Seeing all the Valentine’s stuff flying around at the moment makes me wonder why I can’t get into it myself. Part of it comes from childhood of course, never a popular boy with either boys or girls I never got a Valentine from anyone. Feeling sorry for me, worrying that I was becoming isolated and developing a poor self image my Mum actually stooped to making one up and signing it “A secret admirer”. That didn’t work of course, I saw through the deception in seconds but pretended I hadn’t so as not to spoil it for her.
Even when I surprised and confused myself at 14 by being the first boy in my form to get a girlfriend we didn’t go in for all that stuff but then in that mawkish teenage way we were always saying “I love you”. I was developing a huge guilt complex anyway because I knew deep down that I was using her as camouflage. About the only thing I didn’t do was actually have a relationship with a boy at the same as being her boyfriend, I figured that getting done by men in public toilets wasn’t really cheating as there was no emotional attachment. Amazing the things you can rationalise isn’t it?
What really puts me off though is the need to have a “lovers” day in the first place. I tell Gary every day that I love him and I mean it with every little part of me, I just don’t need a special day to say it.
Having said all that if you’re celebrating Valentine’s Day then have a great one and don’t let a cynical neurotic spoil it for you.
Love

Valentines has never ever meant anything for me either. I guess that might have made some persons disappointed in me. Sorry for that!
Cynical and neurotic? Most likely. Still I consider valentines a commercial stunt, and as that I can totally do without it.
I doesn’t in any way mean I don’t love someone, I just don’t need a specific day to show it. Or little heart-shaped sweets to buy.
Love
Daniel
Thank you, Daniel. It’s nice to know I’m in good company.
Love
Mac
I agree with you, Mac. Tell the one you love that you love them every day, not just once a year with card and chocolates. it seems all too phony to me, this Valentine’s stuff.
That’s really all it takes isn’t it? Thanks Bob
I did get Velentines cards as a teenager – twice and off two different people. I always understood it was for folk who were NOT in a relationship and wanted to be (or at least the one sending the card did). It could be sent because there was a religious or cultural problem, that the parents of one (or both!) forbade it (Romeo and Juliet?) or it could be appropriate because the one thought the other didn’t know of their love.
In the case of the first Valentine card I received it started a relationship with a girl I didn’t know was at all interested. She sent me the card then, when I started asking friends to speak to girls they knew to find out who it was from (remember we were at single gender schools) she ‘found’ me at a bus stop one day. There followed an eighteen month ‘romance’. But there was no sex. Firstly it was really quite strictly a ‘No No’ by parents and secondly she was much too sensible – and frightened.
So I think the day has its point but it only affects Lovers – not those in existing relationships like you guys or Pete and me. Oh and yeah, we tell each other at least once a day that we love each other.

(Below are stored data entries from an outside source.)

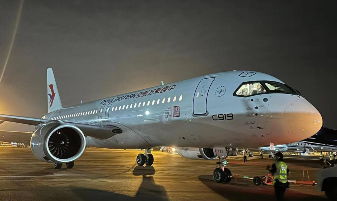 The first C919 took off at the Shanghai Hongqiao International Airport at 8:04 pm on Friday, successfully conducting a direct flight of around 4,200 kilometers, arriving at Singapore at 01:49 am on Saturday.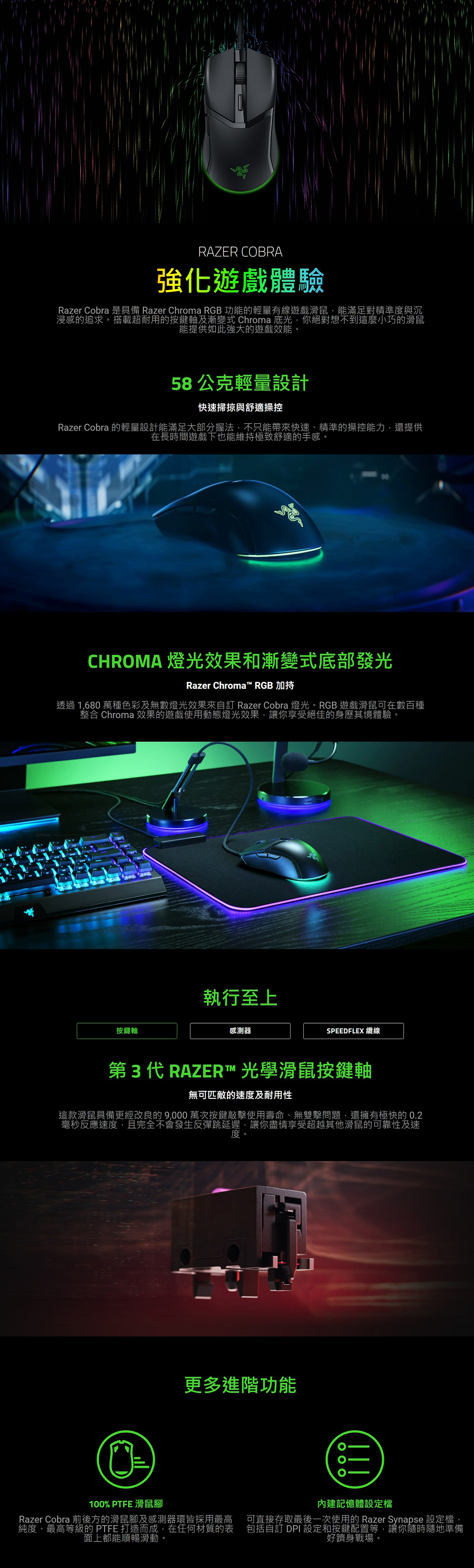 ●Razer Cobra 纜線更具彈性,設計可將拖曳阻力降到最低
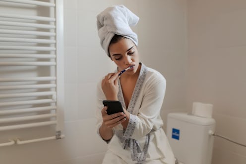 Phones themselves carry a lot of bacteria. Fun fact: research found they're home to 10 times as much bacteria as toilet bowls, per Time. But taking them into the bathroom can rack up that bacteria count. "Many bathroom surfaces, such as urinals, toilet seats, handles, sinks, and faucets, are covered in germs, and the [risk of] even more contamination of our phones becomes greater," microbiologist Jason Tetro explained to Thrillist.

Sex with a girl? The very idea! It did happen eventually, I was seduced by a female physiotherapist at the age of 23 but my mind wasn’t exactly on what I was doing
That’s a fair point about it being for singles and that’s what I really hate about the way it’s developed, people ask me “did you give Gary a Valentine?” to which the answer is usually “now why the hell would I do that?” or something even more profane. Deep down I suspect that I’m just a disaffected misery who doesn’t really like any of these made up days. Come to that I don’t really like Christmas either but that’s down to a big falling out with god for not helping me when I was 10, I really do know how to hold a grudge.